There in the living room, testosterone oozed out of the space. The Grandmaster, Jason, and Damien sat on the same cream couch I had been on earlier in the evening.

They looked about as ticked off about it as I had. A few feet from the couch, a barrage of men all holding guns aimed at the seated men filled up the rest of the space.

“Your guys?” I asked Frankie in a whisper after catching sight of Big Tommy in the living room.

He nodded.

Behind the men holding weapons, even more streamed into the log cabin’s front door, each one carrying a big black duffel bag.
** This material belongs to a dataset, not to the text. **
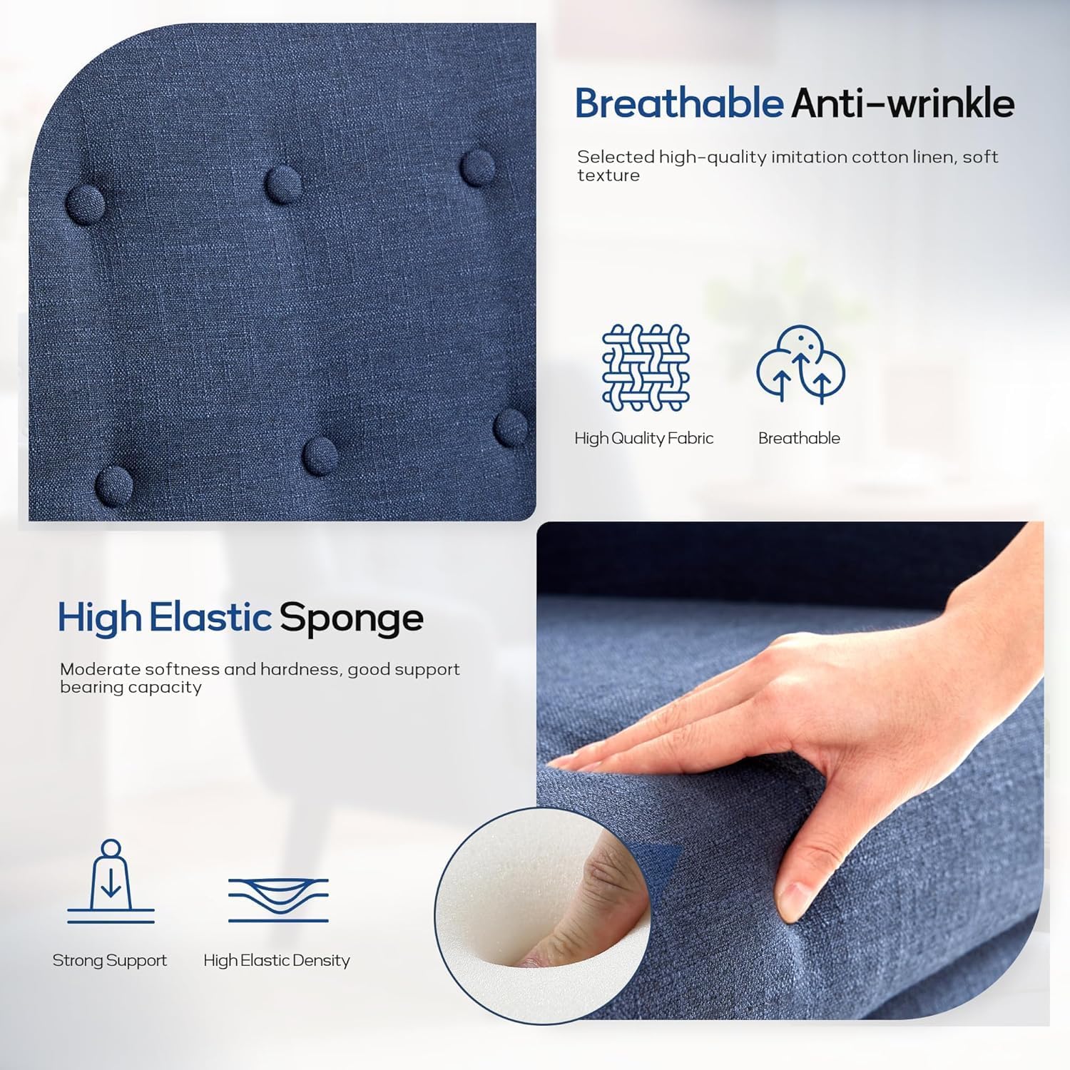 - Modern Style Design: The living room chair is designed with a simple and classic appearance to match any interior decoration style of your home. The tufted buttons of the living room chair back cushion are natural and the fabric is soft to the touch. Also available in six colors, adding a classic flair to your room is the versatile decorative chair you use

They were the same ones loaded down with cash in Frankie’s office and then the back of the black SUV. The new men looked nothing like Frankie’s. They were larger with more muscle in their arms, and each one of them wore a black polo shirt and a pair of jeans rather than the business suit Frankie’s men wore. It had to be more of the football team.

Nine bags came in and then the tenth one landed with a thud on the floor as Ridge—the same man whose house we’d visited when he told Frankie he couldn’t get involved—filled the space of the doorway.

No one spoke until Frankie, with me still wrapped under his embrace, found a spot next to his men. Frankie stood tall and met my cousin’s seething glare without a care. “I’m taking your cousin. She’s mine now.”